The RFQs for the IDPOs (RFQ SPM7M1-08-U-J179 and SPM7L4-09-U-A006) include a standard clause specifying that the vendor will deliver any quantities ordered during the term of the IDPO, up to a maximum total of $100,000 for all orders.
 Unlike the other protests here, this RFQ listed six manufacturers of the required filter. RFQ SPM7M3-08-T-K838 at 2.

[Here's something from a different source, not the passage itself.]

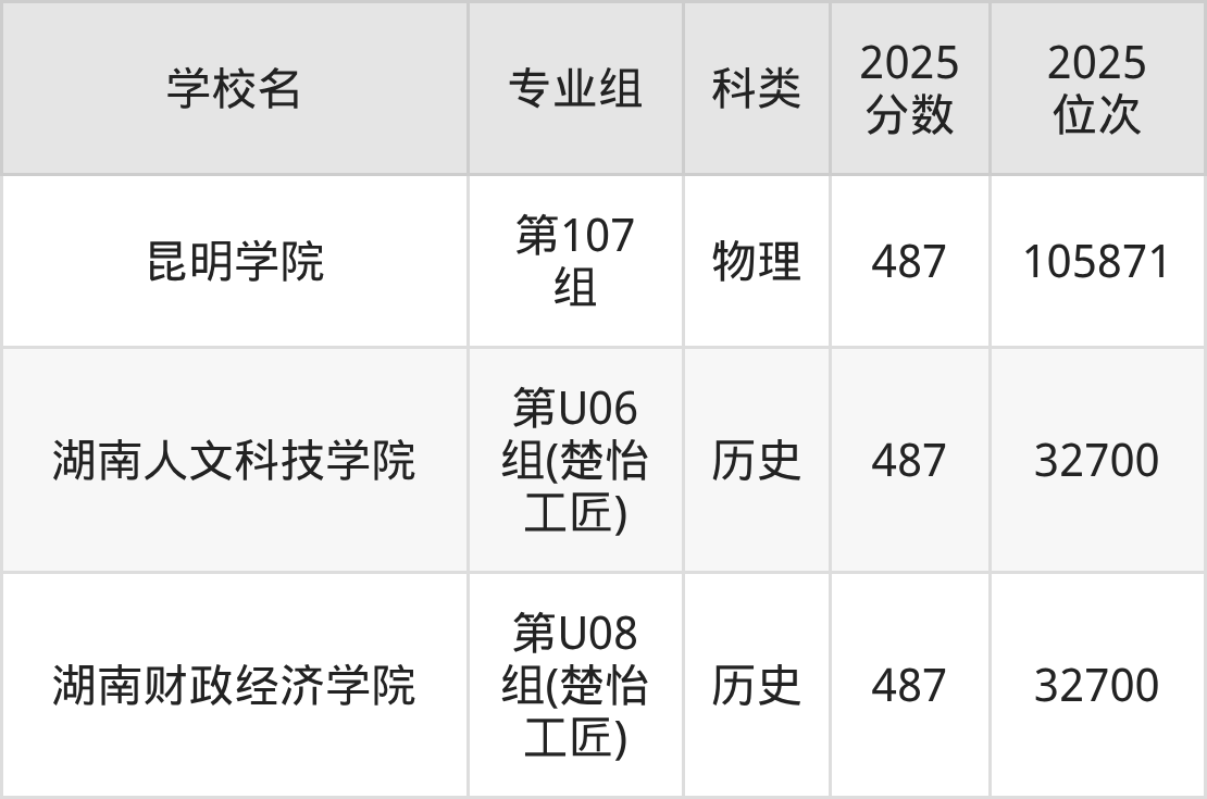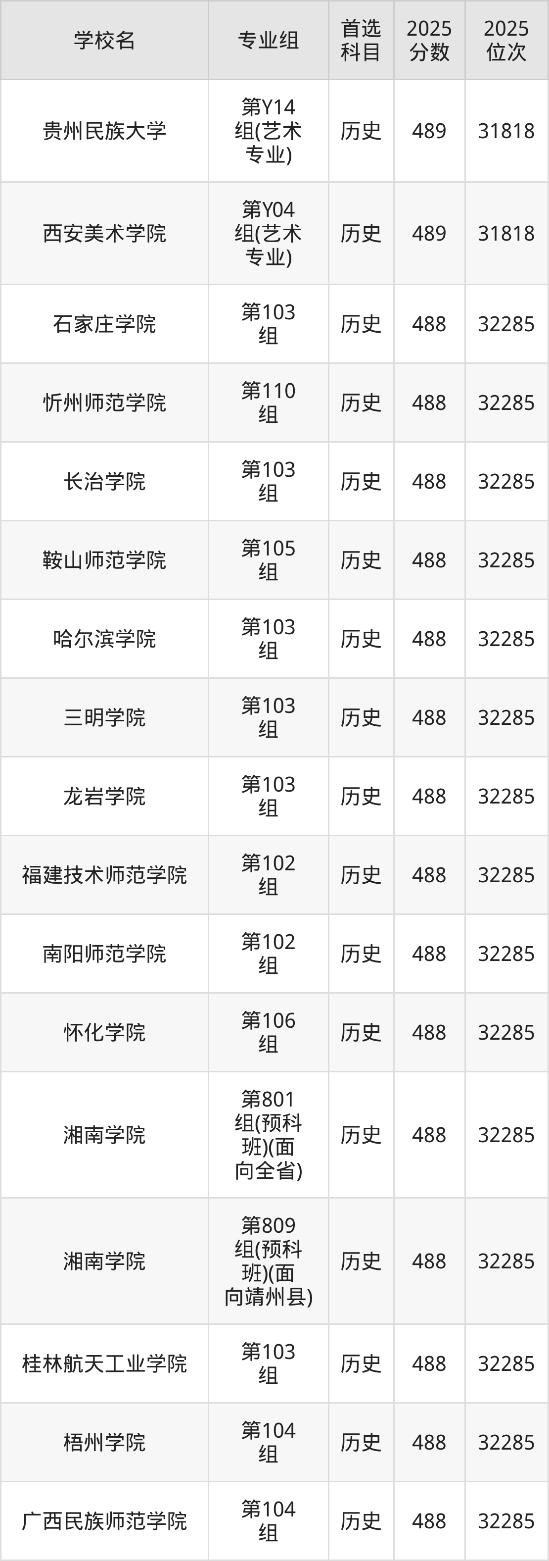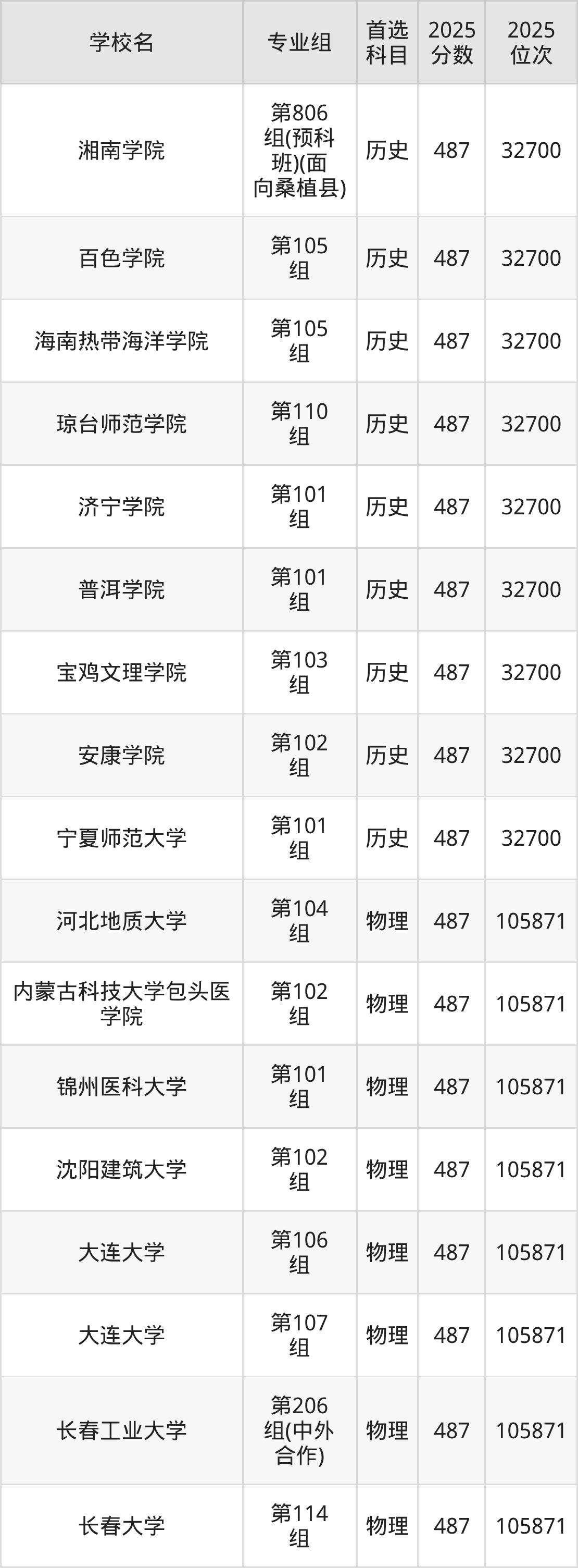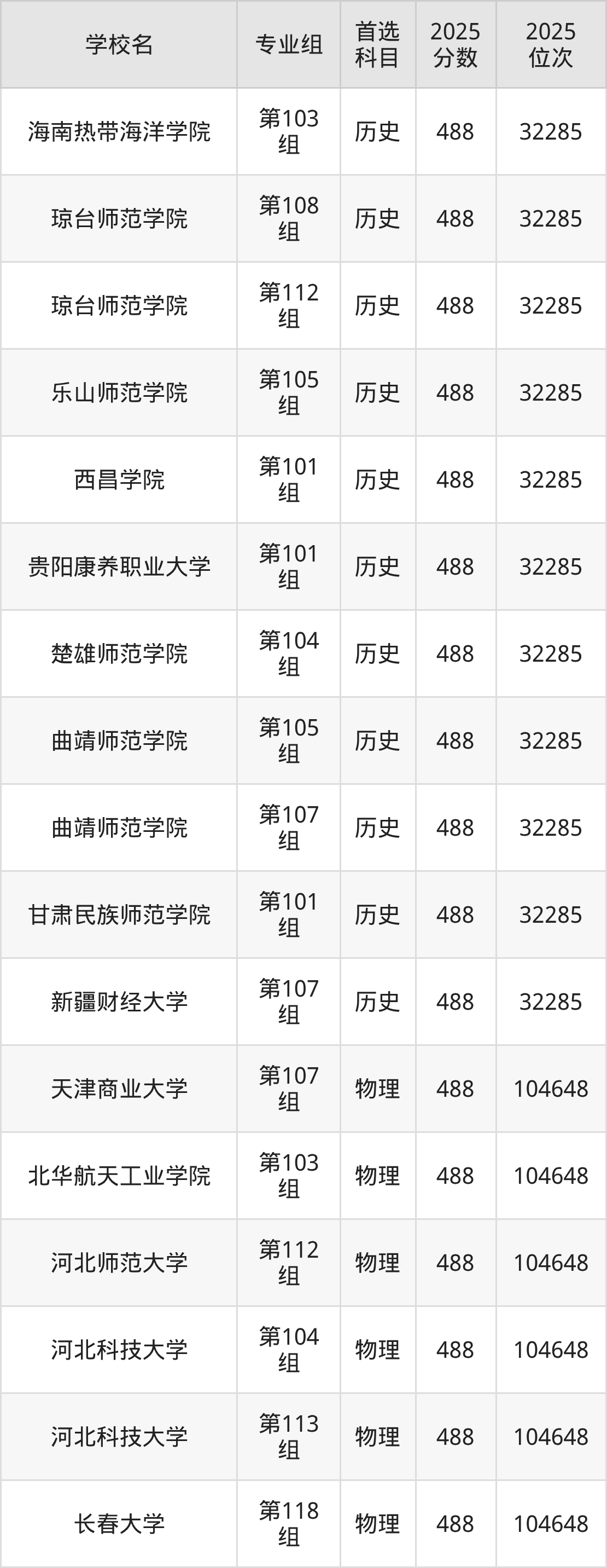 湖南高考物理类489分对应的位次排名是103409名,历史类489分对应的位次排名是31818名,因此建议2026年位次排在这附近的同学考虑这些大学。

 Historical pricing information contained in this RFQ indicates that DLA purchased 168 units of this filter on July 24, 2008, and also indicates that between September 3 and September 10, DLA issued four more orders, to purchase a total of 36 additional filters. Over that 1-week period in September, the per-filter prices ranged from $167.02 to $253.67, and three of the orders were placed on three consecutive days. RFQ SPM7L4‑09‑U‑A006 at 7. Furthermore, as discussed further below, DLA acknowledges that it issued the IDPO under this RFQ on November 12, 2008, and immediately placed an order for 469 filters, followed by a second order for 159 more filters on December 4, which together effectively reached the $100,000 maximum. Letter from DLA to GAO, Jan. 13, 2009, at 2 and exhs. 4, 5, 9.
 DLA has not argued that it is relying on its authority to establish approved sources, see 10 U.S.C. sect. 2319, but rather relies on its authority to solicit brand-name items only. Agency Report (AR) at 3. In addition, with respect to the largest-valued RFQ (RFQ SPM7L4‑09‑U‑A006), DLA has advised our Office that the “Test Program for Certain Commercial Items," FAR Subpart 13.5, is not applicable. Letter from DLA to GAO, Jan. 13, 2009, at 2 n.3.

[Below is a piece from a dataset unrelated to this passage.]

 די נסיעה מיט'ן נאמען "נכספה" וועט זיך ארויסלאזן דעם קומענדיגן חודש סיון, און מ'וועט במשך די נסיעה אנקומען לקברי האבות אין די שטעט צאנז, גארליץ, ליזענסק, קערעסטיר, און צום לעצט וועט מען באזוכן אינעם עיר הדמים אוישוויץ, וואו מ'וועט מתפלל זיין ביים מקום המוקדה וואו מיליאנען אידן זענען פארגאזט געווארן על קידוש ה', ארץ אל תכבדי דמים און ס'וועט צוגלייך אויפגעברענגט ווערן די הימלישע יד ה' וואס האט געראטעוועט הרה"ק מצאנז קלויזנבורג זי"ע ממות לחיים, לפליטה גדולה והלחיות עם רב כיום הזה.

 DLA defines a critical application item as “an item essential to weapon system performance or operation, or the preservation of life or safety, or safety of operating personnel, as determined by the military services." AR at 2.

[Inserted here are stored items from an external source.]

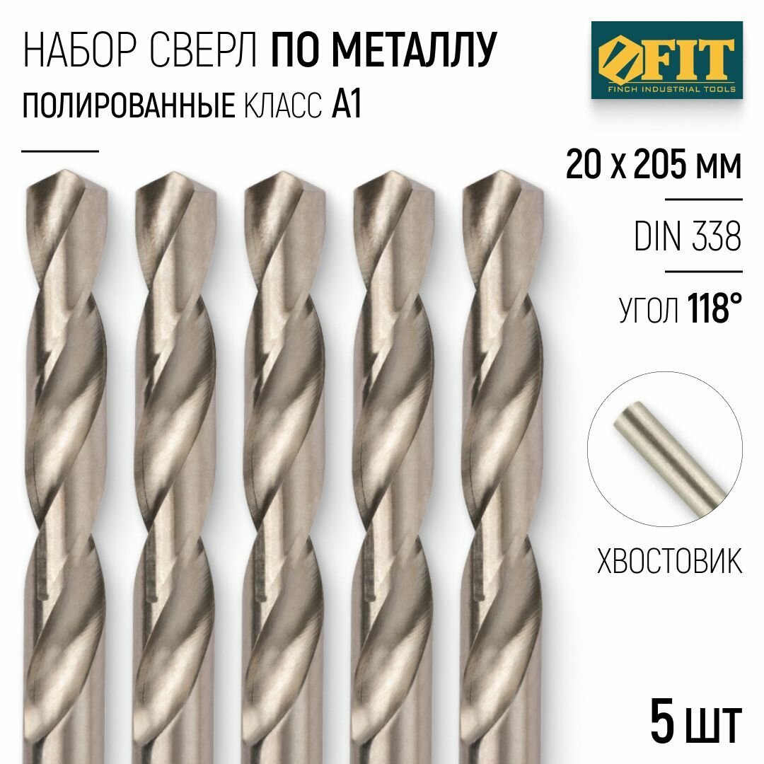 Сверло 5 шт по металлу (20х205 мм, HSS) FIT полированные
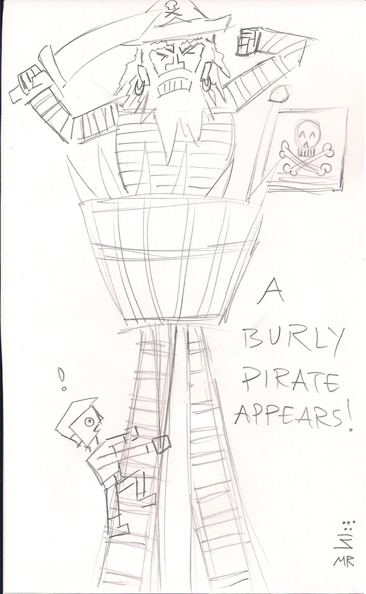 tumblr_nl40es423y1uo33e3o1_1280 Published November 25, 2015 at 1186 × 1920 in King’s Quest III Doodles The burliest of pirates appears in the crow’s nest! Yar!
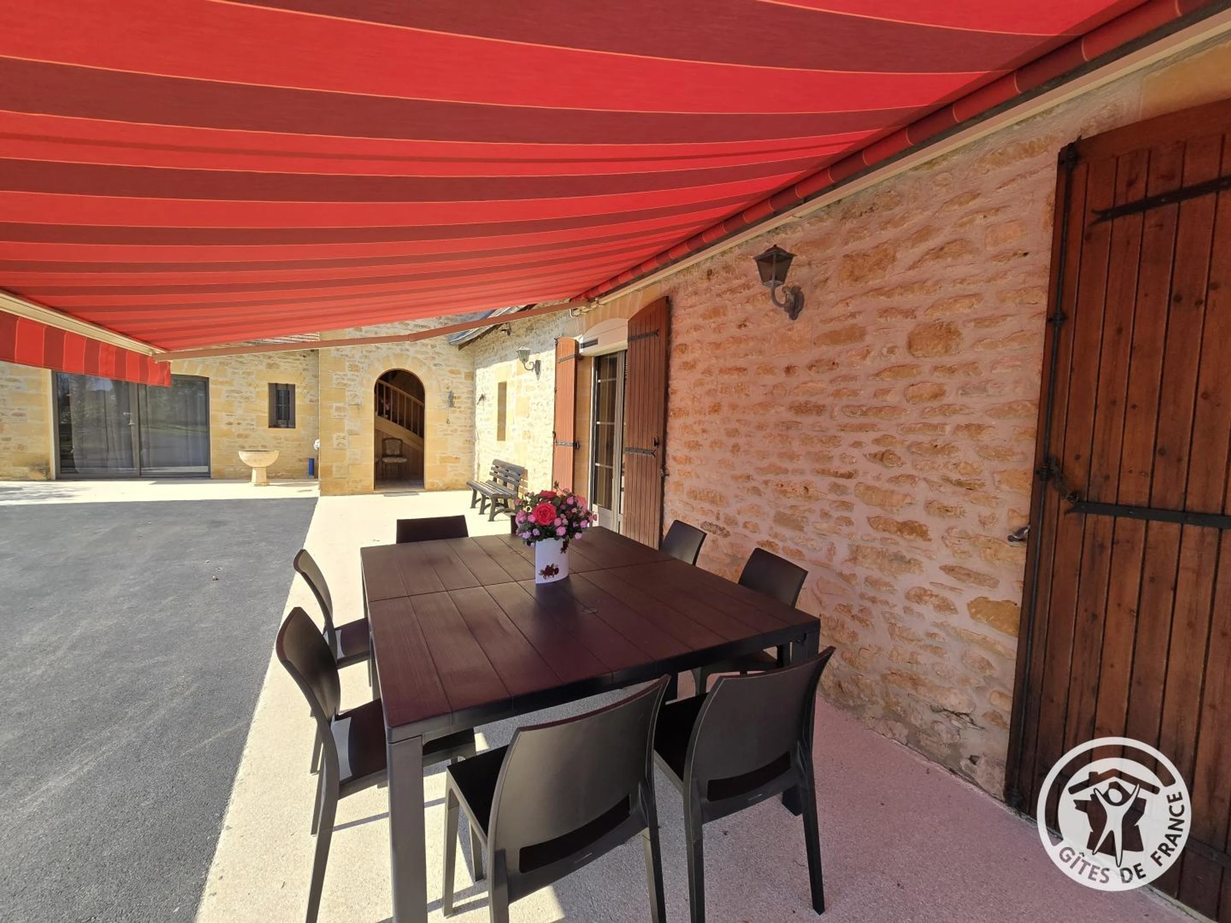 Une belle cour à l'avant du gite avec salon de jardin, barbecue et store. possibilité de faire le tour et d'accéder au jardin à l'arrière. Parking privée sur place dans la cour. Matériel bébé: chaise haute et lit parapluie sur simple demande. Située à seulement 8 km du village des Eyzies, cette grande maison de campagne offre un emplacement privilégié pour découvrir l'un des sites les plus emblématiques du Périgord Noir. Capitale mondiale de la Préhistoire, Les Eyzies séduisent par leurs grottes, musées et sites classés, dont Lascaux et le Musée National de Préhistoire. La région propose également de nombreuses activités : randonnées, canoë sur la Vézère, visites de villages de caractère et découverte de la gastronomie locale. Cette maison constitue un point de départ idéal pour profiter pleinement de la richesse culturelle et naturelle de la Dordogne tout en séjournant dans un cadre agréable et spacieux.
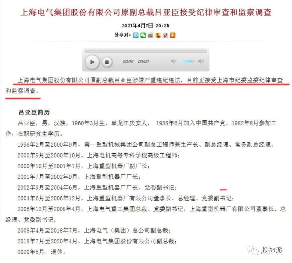 2020年4月,上海电气原副总裁吕亚臣涉嫌严重违纪违法,正接受上海市纪委监委纪律审查和监察调查。2018年7月至2020年4月,吕亚臣担任上海电气副总裁,2020年5月退休。

 This is also referred to in the DLA Federal Logistics Information System (FLIS) Procedure Manual as the “Acquisition Method Suffix Code." AR, Tab 16, Excerpt from DLA FLIS Procedure Manual (Oct. 2008 edition), vol. 10, at 10.3‑225.
 In B-400751 (challenging RFQ SPM7L4-09-U-A006), DLA is considering CPF’s request for a filter so that the firm can attempt reverse engineering of the filter, but no final decision on the request has been reached under DLA’s replenishment parts purchase or borrow program. AR at 10; AR, Tab 20, Declaration of DLA Bailment Officer, at 3-4.
 During the course of this protest, CPF has raised additional issues, none of which we conclude have merit. For example, CPF argues in general terms that the agency has improperly labeled these filters as critical application items. We think an agency’s determination of which items are critical for the maintenance of a weapons system, and which are not, is a matter largely committed to agency discretion. Pem All Fire Extinguisher Corp., B-231478, July 27, 1988, 88-2 CPD para. 95 at 2-3, recon. denied, B‑231478.2, Oct. 4, 1988, 88-2 CPD para. 313. In this respect, CPF has provided no basis for our Office to question the designation of these filters as critical application items.
 The guidance in DAG sect. 13.9002 does not address the question of what procedures are applicable where, as here, the purchase is expected to exceed $100,000. It merely provides, in relevant part, that “IDPOs apply indefinite delivery contract concepts under simplified acquisition procedures . . . . They are most appropriate for repetitive, low dollar value items . . . . The aggregate total dollar value of orders issued against an IDPO Basic Agreement shall not exceed $100,000 . . . ." Letter from DLA to GAO, Jan. 13, 2009, exh. 1 (DAG excerpt). In any event, we note that DAG sect. 13.9002 was not promulgated as a regulation.